Quickstart: Configure a hybrid cluster with Azure Managed Instance for Apache Cassandra using Client Configurator

The Azure Client configurator is a tool designed to assist you in configuring a hybrid cluster and simplifying the migration process to Azure Managed Instance for Apache Cassandra. If you currently have on-premises datacenters or are operating in a self-hosted environment, you can use Azure Managed Instance for Apache Cassandra to seamlessly incorporate other datacenters into your cluster while effectively maintaining them.

Important

Client Configurator tool is in public preview. This feature is provided without a service level agreement, and it's not recommended for production workloads. For more information, see Supplemental Terms of Use for Microsoft Azure Previews.

Prerequisites

  • This article requires the Azure CLI version 2.30.0 or higher. If you are using Azure Cloud Shell, the latest version is already installed.

  • Azure Virtual Network with connectivity to your self-hosted or on-premises environment. For more information on connecting on premises environments to Azure, see the Connect an on-premises network to Azure article.

  • Python installation is required. You can check if python is installed by running python --version in your terminal.

  • Ensure that both the Azure Managed Instance and on-premises Cassandra cluster are located on the same virtual network. If not, it is necessary to establish network peering or other means of connectivity (for example, express route).

  • The cluster name for both the Managed cluster and local cluster must be the same. * In the cassandra.yaml file ensure the storage port is set to 7001 and the cluster name is same as the managed cluster:

cluster_name: managed_cluster-name
storage_port: 7001
UPDATE system.local SET cluster_name = 'managed_cluster-name' where key='local';

Installation

python3 -m venv env
source env/bin/activate
python3 -m pip install -r requirements.txt
  • Sign into Azure CLI az login
  • Run the python script within the client folder with information from the existing (on-premises) cluster:
python3 client_configurator.py --subscription-id <subcriptionId> --cluster-resource-group <clusterResourceGroup> --cluster-name <clusterName> --initial-password <initialPassword> --vnet-resource-group <vnetResourceGroup> --vnet-name <vnetName> --subnet-name <subnetName> --location <location> --seed-nodes <seed1 seed2 seed3> --mi-dc-name <managedInstanceDataCenterName> --dc-name <onPremDataCenterName> --sku <sku>

Note

  • subscription-id: Azure subscription id.
  • cluster-resource-group: Resource group which your cluster resides.
  • cluster-name: Azure Managed Instance cluster name.
  • initial-password: Password for your Azure Managed Instance for Apache Cassandra cluster.
  • vnet-resource-group: The resource group attached to the virtual network.
  • vnet-name: Name of the virtual network attached to your cluster.
  • subnet-name: The name of the IP addressed allocated to the Cassandra cluster.
  • location: Where your cluster is deployed.
  • seed-nodes: The seed nodes of the existing datacenters in your on-premises or self-hosted Cassandra cluster.
  • mi-dc-name: The data center name of your Azure Managed Instance cluster.
  • dc-name: The data center name of the on-prem cluster.
  • sku: The virtual machine SKU size.
  • The Python script produces a tar archive named install_certs.tar.gz. * Unpack this folder into /etc/cassandra/ on each node.
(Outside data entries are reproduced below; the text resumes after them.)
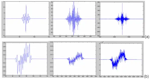 Mathieu wavelets can be derived from the lowpass reconstruction filter by the cascade algorithm. Infinite Impulse Response filters (IIR filter) should be use since Mathieu wavelet has no compact support. Figure 3 shows emerging pattern that progressively looks like the wavelet's shape. Depending on the parameters a and q some waveforms (e.g. fig. 3b) can present a somewhat unusual shape.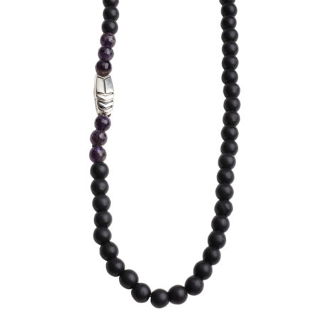 Ανδρικό κολιέ χειροποίητο φτιαγμένο από ημιπολύτιμους λίθους Χαολίτη και Αμέθυστο. Κούμπωμα μαγνήτης....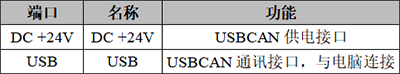 USBCAN-Modul 8接口卡使用DC+24V直流電源供電,USB接口作為通訊接口,因此在使用時需將DC+24V和USB一起接入。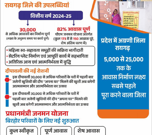 रायगढ़ जिले में वित्तीय वर्ष 2024-25 में स्वीकृत आवासों में से इन 30 हजार से अधिक घरों का निर्माण समय पर पूरा होना न केवल प्रशासनिक दक्षता का उदाहरण है, बल्कि यह ग्रामीण हितग्राहियों के जीवन में स्थायित्व और सम्मान का नया अध्याय भी जोड़ रहा है। इस बार दीपावली उनके लिए वास्तव में विशेष होगी, क्योंकि इस बार दीये उन घरों में जलेंगे, जिनकी दीवारें खुद उनकी मेहनत, उम्मीदों और सरकारी योजनाओं की संवेदनशीलता की कहानी कह रही हैं।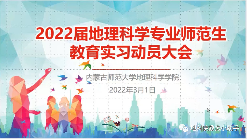 MILE米乐官方网站于2022年3月3日上午举办2022届地理科学专业师范生教育实习动员大会。会议使用腾讯会议平台线上进行。呼和浩特市第三十六中学校长邹静薇、呼和浩特市土默特中学教师张瑜等基地校领导和老师莅临会场;MILE米乐官方网站教学副院长萨楚拉、地理科学系主任乌敦、副主任周丹丹、咏梅、全体实习指导教师和152位实习生参会。大会由MILE米乐官方网站教师赵伟主持。

    sudo tar -xzvf install_certs.tar.gz -C /etc/cassandra
    
  • Inside the /etc/cassandra/ folder, run sudo ./install_certs.sh.
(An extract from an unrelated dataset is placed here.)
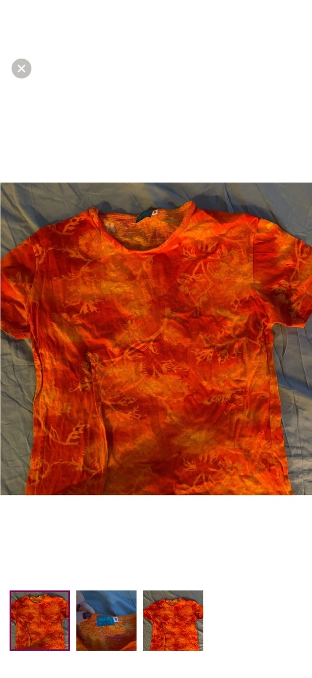 This is a used Kenzo Wave top with an orange cloud pattern, perfect for adding a vibrant touch to your wardrobe. It is in good condition, showing only gentle signs of wear. Specifications: - Brand: Kenzo Wave - Size: Small - Colour: Orange Cloud - Fit: Regular. Remember, if you're seeing this ad, it means this stylish top is still waiting to find its new home! Grab it before someone else does! I've priced it fairly to sell.

    • Ensure that the script is executable by running sudo chmod +x install_certs.sh.
    • The script installs and point Cassandra towards the new certs needed to connect to the Azure Managed Instance cluster.
    • It then prompts user to restart Cassandra. Screenshot of the result of running the script.
  • Once Cassandra is done restarting on all nodes, check nodetool status. Both datacenters should appear in the list, with their nodes in the UN (Up/Normal) state.
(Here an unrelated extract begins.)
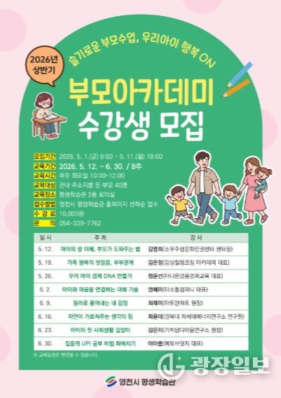 광장일보 주재영 기자 | 영천시 평생학습관은 5월 1일부터 11일까지 ‘2026년 상반기 부모아카데미’ 수강생을 모집한다.
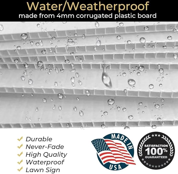 - ππππ ππππππππ: Made from premium weather-resistant corrugated plastic, our signs are designed to withstand a variety of weather conditions while maintaining their brightness and durability. Designed for both indoor and outdoor use, they stand out over time, no matter the environment.

  • From your Azure Managed Instance for Apache Cassandra, you can then select AllKeyspaces to change the replication settings in your Keyspace schema and start the migration process to Cassandra Managed Instance cluster.

    Screenshot of selecting all key spaces.

Tip

Auto-Replicate setting should be enabled via an arm template. The arm template should include:

"properties":{
...
"externalDataCenters": ["dc-name-1","dc-name-2"],
"autoReplicate": "AllKeyspaces",
...
}

Warning

This will change all your keyspaces definition to include WITH REPLICATION = { 'class' : 'NetworkTopologyStrategy', 'on-prem-datacenter-1' : 3, 'mi-datacenter-1': 3 }. If this is not the topology you want, you will need to adjust it and run nodetool rebuild manually on the Cassandra Managed Instance cluster. Learn more about Auto-Replication

  • Update and monitor data replication progress by selecting the Data Center pane

    Screenshot showing replication progress.

[!INFO]

Next steps

In this quickstart, you learned how to create a hybrid cluster using Azure Managed Instance for Apache Cassandra Client Configurator. You can now start working with the cluster.